What are the differences between a Riq and a tambourine? They tend to resemble each other and seem to be played in a similar style, however there are subtle differences that make each one unique.

The riq (also spelled riqq or rik) is a type of tambourine used as a traditional instrument in Arabic music. It traditionally has a wooden frame (although in the modern era it may also be made of metal), jingles, and a thin, translucent head made of fish skin (or, more recently, a synthetic material). The frame of the riq can be covered on both the inner and outer sides with inlay such as mother-of-pearl, ivory or decorative wood, like apricot or lemon. It has ten pairs of small cymbals (about 4 cm in diameter), mounted in five pairs of slits. The skin of a fish is glued on and tightened over the frame, which is about 6 cm deep. In Egypt the riq is usually 20 cm wide; in Iraq it is slightly larger. The player of the riq plays without singing. The player alternates between striking the membrane and shaking the jingles, as the need for freedom of movement necessitates that they stand up. Students of the instrument are required to master the technical problems imposed by the timbre of the membrane and the jingles, both separately and in combination; aside from developing a virtuoso technique they also need to learn the many rhythmic cycles and the techniques of modifying them through creative invention.

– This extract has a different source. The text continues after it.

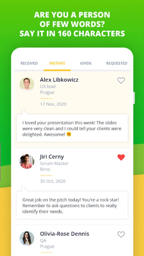 Did you see excellent work from a colleague? Tell them! With Instant Feedback, you can share your thoughts in 160 characters. It's a quick and easy way to recognize your colleagues or let them know what to improve on.

The tambourine is a musical instrument of the percussion family consisting of a single drumhead mounted on a ring with pairs of small metal jingles. Most modern tambourines used in western popular music today consist only of the ring and jingles, with no drumhead. The tambourine can be held in the hand or mounted on a stand, and can be played in numerous ways, from stroking or shaking the jingles to striking it sharply with hand or stick or using the tambourine to strike the leg or hip. It is found in many forms of music, classic music, Roman music, Persian music, gospel music, pop music and rock music.